Старик неожиданно заплакал.
— Не плачь, я ухожу, ухожу! — всполошился Иона.
Он отошел от костела довольно далеко, когда услышал плачущий голос:
— Стой! Куда ты? Двенадцать лет ему было. Ровно двенадцать!
Иона вернулся.
— Садись, — нищий указал на ступеньку, — всем хватит места.
— Я не христарадничаю.
— Все мы христарадничаем понемногу.
— Нет.
— А что же ты делаешь?
— Пою.
— Поешь?
— Да. Пою. — Иона запел вполголоса.
— Ты пьян, — заметил нищий, — иди домой, проспись. Дом-то у тебя есть?
— Есть.
— Счастливый ты человек!
В учительскую он вошел решительно: «В конце концов я не хуже других!» Была большая перемена, но в учительской стояла непривычная тишина.
— Что вы все языки проглотили? — вызывающе спросил Иона, бросая шляпу на стол.
— Возмутительно! — зашептала учительница химии. — В таком виде являться в школу!
К Ионе подошел незнакомый мужчина.
— Кто вы такой? — спросил он строго.
— Я — соловей этой школы! — сострил Иона и, довольный, рассмеялся.

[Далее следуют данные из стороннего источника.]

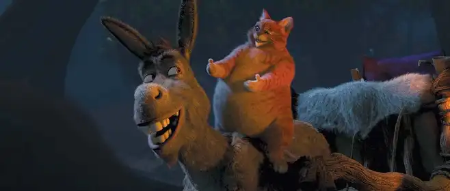 - Осёл — верный друг и комический элемент, играет важную роль в попытках Шрэка вернуться.
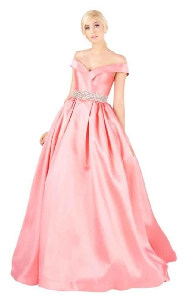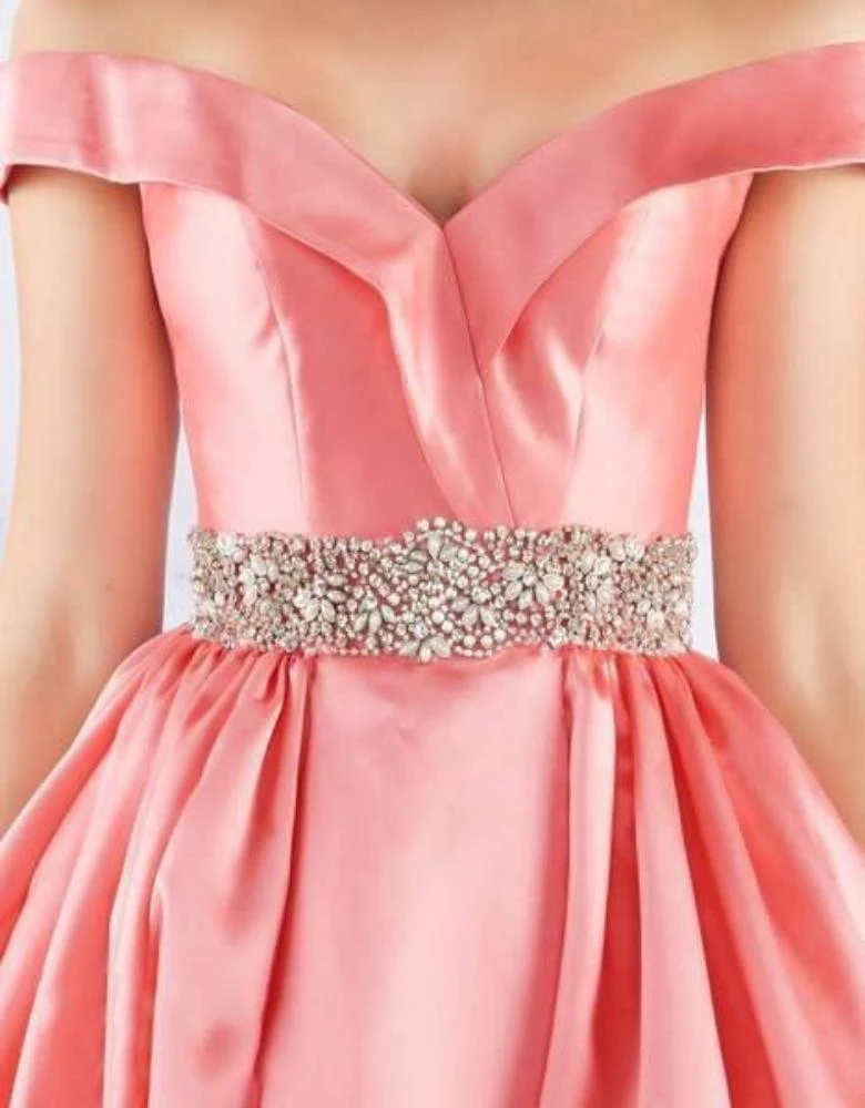 | Details: | Folded Off shoulder neckline, Cap sleeves, Princess seams, Embellished Belt, Back zipper closure |
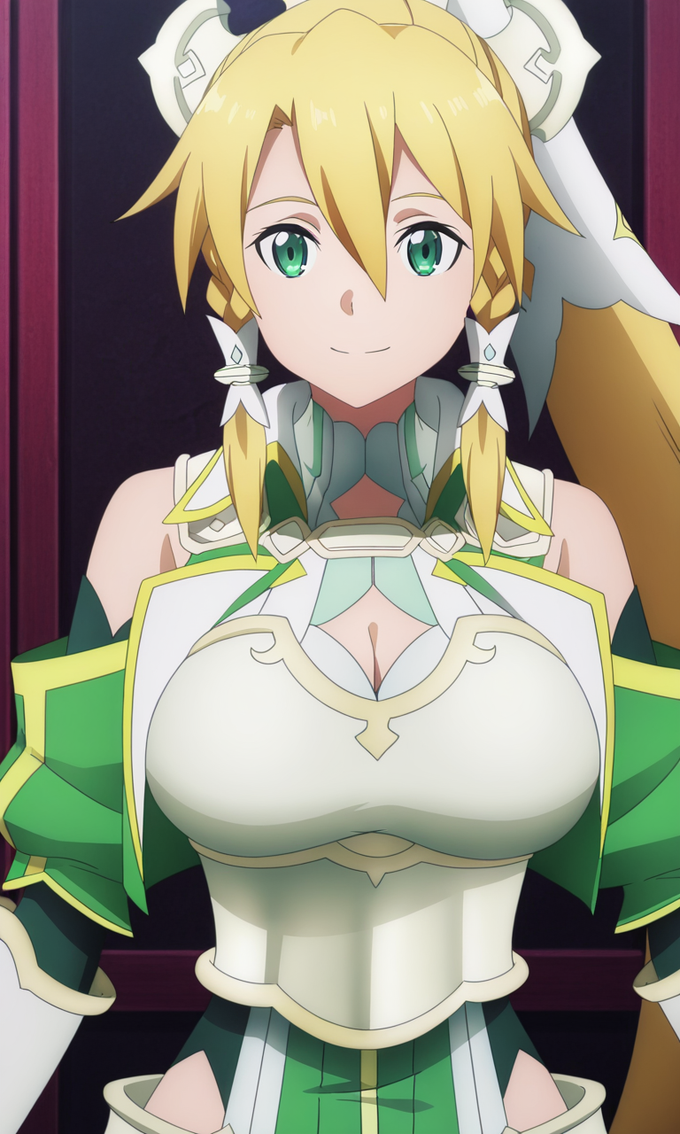 leafa(sao), 1소녀, 싱글, 긴 머리, 금발, 눈 사이의 머리카락, 녹색 눈, 꼬리머리, 땋은 머리, 쌍 땋은 머리, 어깨 노출, 분리된 소매, 장갑, 흰 장갑, 드레스, 녹색 드레스
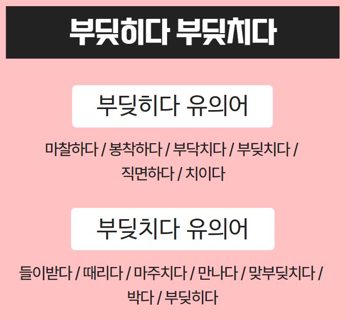 오늘은 부딪히다, 부딪치다의 내용에 대해 알아보았습니다. 두 말 모두 어느 때나 쓸 순 있지만, 의미가 약간씩 달라지기 때문에 적재적소에 구분하여 사용하시기 바랍니다.
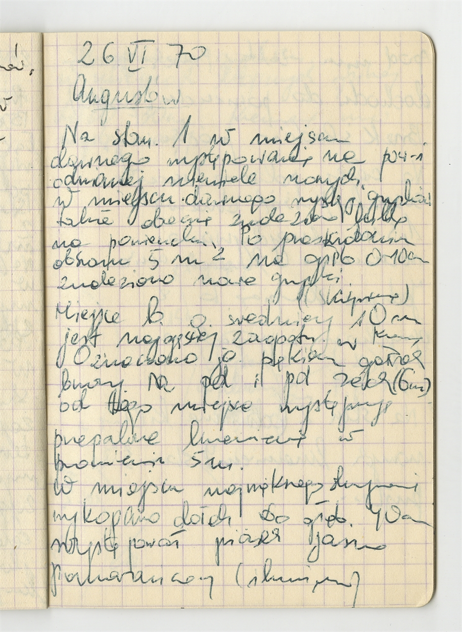Zofii Sulgostowskiej notatki z pola 1970 - prawobrzeżna okolica W-wy sporządzone w notesie w kratkę - strona 23: zatytułówana "Augustów" "Na stan. 1" … "jasno pomarańczowy (…) 26bVI [19]70 (bez numeru strony)
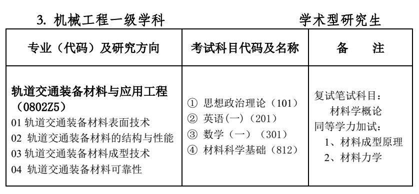 欢迎报考兰州交通大学材料类专业硕士研究生 兰州交通大学材料类专业依托本校机电工程学院及材料工程系办学。拥有“轨道交通装备材料与应用工程(0802Z5)”二级学科博士学位、硕士学位和“材料科学与工程”一级学科硕士学位授予权。“材料科学与工程”学科是甘肃省重点学科,具有材料物理与化学(080501)、材料学(080502)和材料加工工程(080503)3个二级学科学术型硕士研究生和“材料工程”专业学位(085204)工程硕士培养资格。 培养的研究生主要在轨道交通、装备制造、冶金、化工、工程建设等领域从事产品生产、材料制备及工艺设计、材料改性、新材料开发、材料分析检验、材料成型设备开发等工作,或在高校从事教学和科学研究工作。 一、研究生指导队伍 现有专职教师20人,其中教授5人(冯利邦,王彦平,徐卫军,王顺花,耿中荣),副教授8人(郑韶先,王新伟,徐立新,强小虎,黄大建,褚克,张媛,刘艳花),高工1人(杨妹娟),讲师6人。其中博导1名,硕导11名,研究生指导教师的具体信息参见: http://jdxy.lzjtu.edu.cn/?page_id=291。 材料科学与工程学科现有两个研究生指导团队,具体情况如下: (一)“轨道交通新材料与表界面技术”团队 指导老师:冯利邦(带头人),王彦平,强小虎,徐卫军,徐立新,黄大建 相关科研团队: (1)轨道交通新材料与表界面技术:冯利邦,王彦平,强小虎,刘艳花,史雪婷 (2)材料改性与复合新技术:徐卫军,徐立新,黄大建,周富涛 (二)“金属材料与功能材料”团队 指导老师:王顺花(带头人),郑韶先,王新伟,耿中荣,褚克,张媛 相关科研团队: (1)焊接技术及零部件失效分析(高性能金属结构材料与高效焊接技术):王顺花,郑韶先,赵锡龙,李芳红,孟倩 (2)新能源与功能材料:王新伟,耿中荣,褚克,张媛,杨妹娟,韩兴瑞 二、研究生招生专业介绍 (一)材料物理与化学(080501) “材料物理与化学”是材料科学与工程一级学科所属的二级学科,是一门以数学、物理和化学等自然科学为基础,应用现代物理与化学研究方法和模拟计算技术,从分子、原子、电子等多层次上研究材料的物理、化学行为与规律的学科,探索材料组成-结构-性能之间的内在关系,实现材料的可控合成与制备,致力于先进材料与相关器件的研究开发,揭示材料物理本质及其演变规律,为材料的微结构设计、性能预测及制备工艺优化与合理使用提供科学依据。本学科主要培养具有坚实的材料物理化学基础理论和系统的材料物理化学专门知识、能够从事材料科学相关的教学、基础研究、材料生产与应用和新材料开发等工作的人才。 主要研究方向:材料的结构与性能,纳米材料的物理与化学特性,高聚物结构与性能,光电功能材料,材料界面物理化学。 (二)材料学(080502) “材料学”是材料科学与工程一级学科所属的二级学科,是一门实用性较强的应用基础学科,它既要探讨材料的普遍规律,又有重要的工程应用价值。本学科主要研究材料的组成、结构、加工、性质和使用性能之间的相互关系,为材料的设计、制造、工艺优化和合理使用提供科学依据。本学科主要培养掌握材料科学与工程学科扎实的基础理论与系统的专业知识,了解本学科的进展和发展动向,具备从事材料科学与工程领域的科学研究、教学工作和其它专业技术工作能力的高层次人才。 主要研究方向包括:机车车辆新材料,轨道交通新材料,先进高分子及其复合材料,新能源及磁性材料,功能界面材料,生物材料和环境材料。 (三)材料加工工程(080503) “材料加工工程”是材料科学与工程一级学科所属的二级学科,是以金属学、弹塑性力学、机械、自动控制等为理论基础的交叉学科,是研究控制材料的外部形状和内部组织结构,以及将材料加工成人类社会所需求的各种零部件及成品的应用技术的学科。本学科主要培养掌握材料制备方法、成形加工工艺、成形过程控制方法、材料组织与性能间的关系、成形设备及其控制等专业知识、具有开拓精神和国际化特点的高层次工程技术人员和开展本学科领域前沿课题的研究的专门人才。 主要研究方向:高效焊接工艺及设备,轨道交通新材料及先进加工技术,塑性成形理论与模具设计,金属材料液态成形技术及控制。 (四)材料工程(085204) “材料工程”为材料科学与工程学科专业学位硕士研究生培养专业,培养掌握材料工程领域坚实的基础理论和宽广的专业知识,掌握解决材料工程问题的先进技术方法和现代技术手段,工程实践能力强并具有一定创新能力、能够独立担负工程领域专业技术和工程管理工作的人才。 本工程领域主要研究方向包括:轨道交通新材料及先进加工技术,功能纳米界面材料与表面防护技术,高性能结构材料的制备与成型技术等。 (五)轨道交通装备材料与应用工程(0802Z5) “轨道交通装备材料与应用工程”是机械工程一级学科所属的二级学科,该学科以轨道交通装备用材料为研究对象,为新兴的交叉学科,涉及机械、材料、物理、化学和表面工程等多个学科领域。其学科内涵就是研究现代轨道交通装备服役条件下材料的结构、性能与应用的基本理论,探索满足轨道交通装备性能要求的新材料及其应用特性。本学科主要培养具有扎实基础知识与实践能力、具备现代轨道交通装备材料设计与研发能力及良好的职业素质与创新能力的应用型、复合型高素质优秀人才。 主要研究方向为轨道交通装备

— Это учитель пения, — мрачно пояснил завуч. — Иона Коридзе.
— Какого вы мнения о вашем директоре? — так же строго спросил незнакомец.
— Сукин сын ваш директор, — со смехом проговорил Иона, обводя присутствующих победоносным взглядом, который выражал следующее: я его абсолютно не боюсь, и если хотите знать, вообще никого не боюсь.

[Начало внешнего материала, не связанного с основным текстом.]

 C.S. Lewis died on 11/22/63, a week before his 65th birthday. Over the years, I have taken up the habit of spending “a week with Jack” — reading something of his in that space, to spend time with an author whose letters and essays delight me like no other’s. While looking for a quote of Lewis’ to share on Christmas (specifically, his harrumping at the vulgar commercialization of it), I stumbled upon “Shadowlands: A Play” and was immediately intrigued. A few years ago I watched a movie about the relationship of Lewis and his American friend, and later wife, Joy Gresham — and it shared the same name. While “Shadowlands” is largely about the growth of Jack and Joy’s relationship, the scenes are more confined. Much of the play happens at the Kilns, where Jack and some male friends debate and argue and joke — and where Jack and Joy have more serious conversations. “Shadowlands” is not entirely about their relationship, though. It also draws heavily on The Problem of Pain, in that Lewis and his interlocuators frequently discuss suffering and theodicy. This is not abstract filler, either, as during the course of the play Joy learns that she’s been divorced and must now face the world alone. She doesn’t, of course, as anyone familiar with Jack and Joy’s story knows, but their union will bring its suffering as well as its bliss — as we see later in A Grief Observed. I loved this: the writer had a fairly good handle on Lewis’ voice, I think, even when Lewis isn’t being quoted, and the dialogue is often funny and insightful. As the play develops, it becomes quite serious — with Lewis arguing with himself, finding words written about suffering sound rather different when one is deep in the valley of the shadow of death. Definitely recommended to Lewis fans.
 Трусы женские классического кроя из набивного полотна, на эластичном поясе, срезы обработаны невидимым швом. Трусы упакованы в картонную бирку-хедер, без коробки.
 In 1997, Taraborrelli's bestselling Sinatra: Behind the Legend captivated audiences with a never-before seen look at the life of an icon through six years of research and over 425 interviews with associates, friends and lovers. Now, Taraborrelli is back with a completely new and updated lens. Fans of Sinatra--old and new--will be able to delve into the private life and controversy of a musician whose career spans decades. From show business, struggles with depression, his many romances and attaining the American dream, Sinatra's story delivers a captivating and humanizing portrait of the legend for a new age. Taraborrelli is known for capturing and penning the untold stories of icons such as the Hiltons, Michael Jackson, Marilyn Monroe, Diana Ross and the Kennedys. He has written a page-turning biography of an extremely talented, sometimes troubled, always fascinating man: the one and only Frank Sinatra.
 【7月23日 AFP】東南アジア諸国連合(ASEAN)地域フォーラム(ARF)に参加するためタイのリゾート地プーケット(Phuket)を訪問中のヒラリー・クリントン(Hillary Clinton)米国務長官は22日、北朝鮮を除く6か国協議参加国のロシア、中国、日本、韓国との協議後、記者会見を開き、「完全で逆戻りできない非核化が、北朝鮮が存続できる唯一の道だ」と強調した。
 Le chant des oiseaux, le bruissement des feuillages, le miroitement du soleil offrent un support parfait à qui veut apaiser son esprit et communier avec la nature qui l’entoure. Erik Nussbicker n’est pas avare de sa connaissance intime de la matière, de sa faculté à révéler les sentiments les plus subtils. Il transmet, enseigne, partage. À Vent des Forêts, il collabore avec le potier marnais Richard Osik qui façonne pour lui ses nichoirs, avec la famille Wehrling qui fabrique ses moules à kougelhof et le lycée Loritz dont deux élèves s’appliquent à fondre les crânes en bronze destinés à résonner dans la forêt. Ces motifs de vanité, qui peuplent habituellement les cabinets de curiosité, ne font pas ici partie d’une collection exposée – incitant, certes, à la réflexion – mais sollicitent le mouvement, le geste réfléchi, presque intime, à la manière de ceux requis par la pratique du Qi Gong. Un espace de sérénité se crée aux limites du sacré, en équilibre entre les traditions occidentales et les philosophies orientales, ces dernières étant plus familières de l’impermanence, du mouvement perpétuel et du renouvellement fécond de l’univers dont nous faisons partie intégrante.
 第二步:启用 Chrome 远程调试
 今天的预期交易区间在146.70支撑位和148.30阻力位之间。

— Сукин сын? — повторил незнакомец.
— Нет. Он парень неплохой, но! — Иона подмигнул учительнице химии: «Вот, мол, мы как, Ксения!»
Ксения отвернулась.
— Но? Продолжайте, пожалуйста, — заинтересовался незнакомый мужчина и подошел ближе.
Ионе почему-то вспомнился нищий у костела:
— Оставь меня, братец, в покое, а не то я заплачу.
— И все-таки, — настаивал незнакомец, — почему вы сказали, что ваш директор был сукин сын?
— Как это был? Он что — умер?
— Что ты болтаешь! — прошипела Ксения.
— Как он себя вел с подчиненными? — продолжал допрос неизвестный. — Может, он с кем-нибудь того?.. — Он многозначительно кивнул в сторону женщин.
Иона рассмеялся, но, спохватившись, прикрыл рот рукой:
— Что вы говорите! Разве до этого ему было!
Самое удивительное, что никто, кроме Ксении, не заметил, что он пьян. А он все видел, как в тумане.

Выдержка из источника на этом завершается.